Requirement:
Repeat the entire listing exactly. Omit all pictures.

Supplied material:
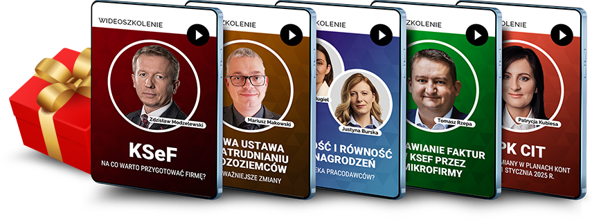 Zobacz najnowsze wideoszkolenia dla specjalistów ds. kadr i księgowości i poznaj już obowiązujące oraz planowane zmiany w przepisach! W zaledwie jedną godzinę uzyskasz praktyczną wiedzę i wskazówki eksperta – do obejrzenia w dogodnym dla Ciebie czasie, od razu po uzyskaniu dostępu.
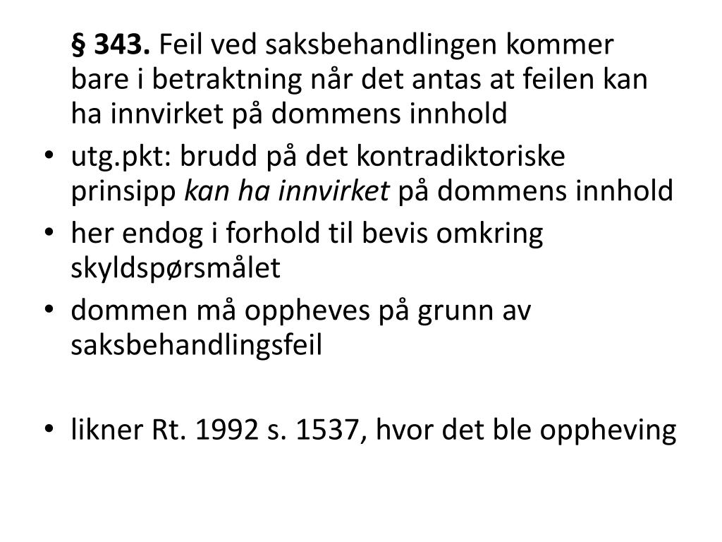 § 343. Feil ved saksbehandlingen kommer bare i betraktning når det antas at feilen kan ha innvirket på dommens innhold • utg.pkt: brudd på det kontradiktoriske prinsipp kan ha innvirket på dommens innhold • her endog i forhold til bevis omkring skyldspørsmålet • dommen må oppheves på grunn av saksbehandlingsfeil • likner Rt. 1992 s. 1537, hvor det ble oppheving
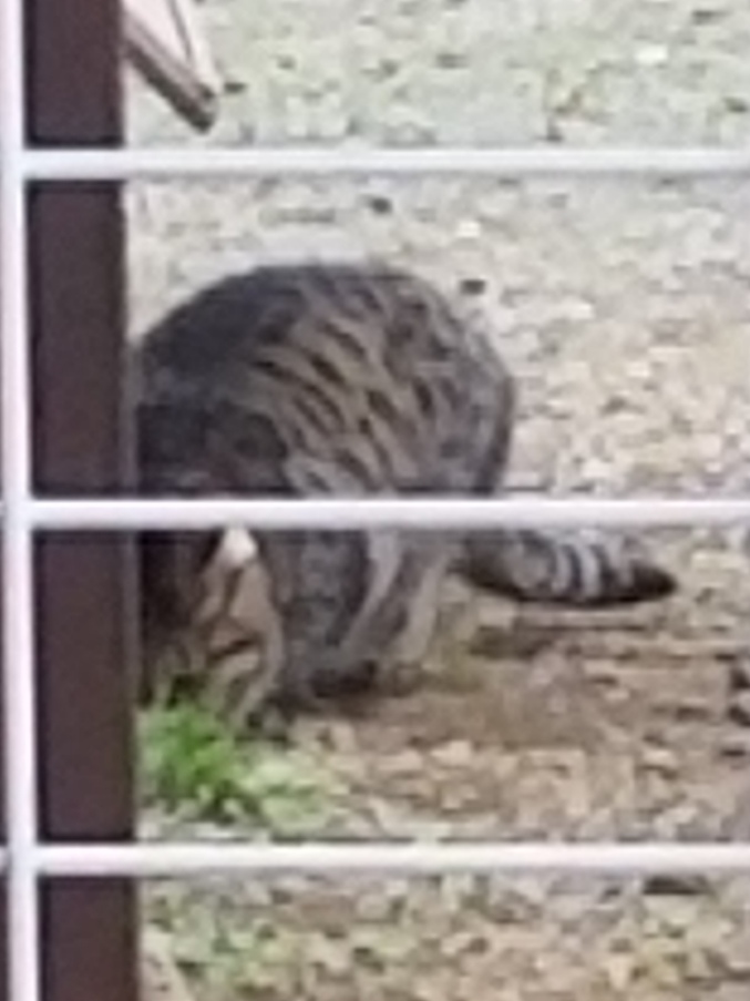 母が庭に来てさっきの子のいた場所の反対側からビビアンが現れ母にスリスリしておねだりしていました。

Solution:
 Zobacz najnowsze wideoszkolenia dla specjalistów ds. kadr i księgowości i poznaj już obowiązujące oraz planowane zmiany w przepisach! W zaledwie jedną godzinę uzyskasz praktyczną wiedzę i wskazówki eksperta – do obejrzenia w dogodnym dla Ciebie czasie, od razu po uzyskaniu dostępu.
 § 343. Feil ved saksbehandlingen kommer bare i betraktning når det antas at feilen kan ha innvirket på dommens innhold • utg.pkt: brudd på det kontradiktoriske prinsipp kan ha innvirket på dommens innhold • her endog i forhold til bevis omkring skyldspørsmålet • dommen må oppheves på grunn av saksbehandlingsfeil • likner Rt. 1992 s. 1537, hvor det ble oppheving
 母が庭に来てさっきの子のいた場所の反対側からビビアンが現れ母にスリスリしておねだりしていました。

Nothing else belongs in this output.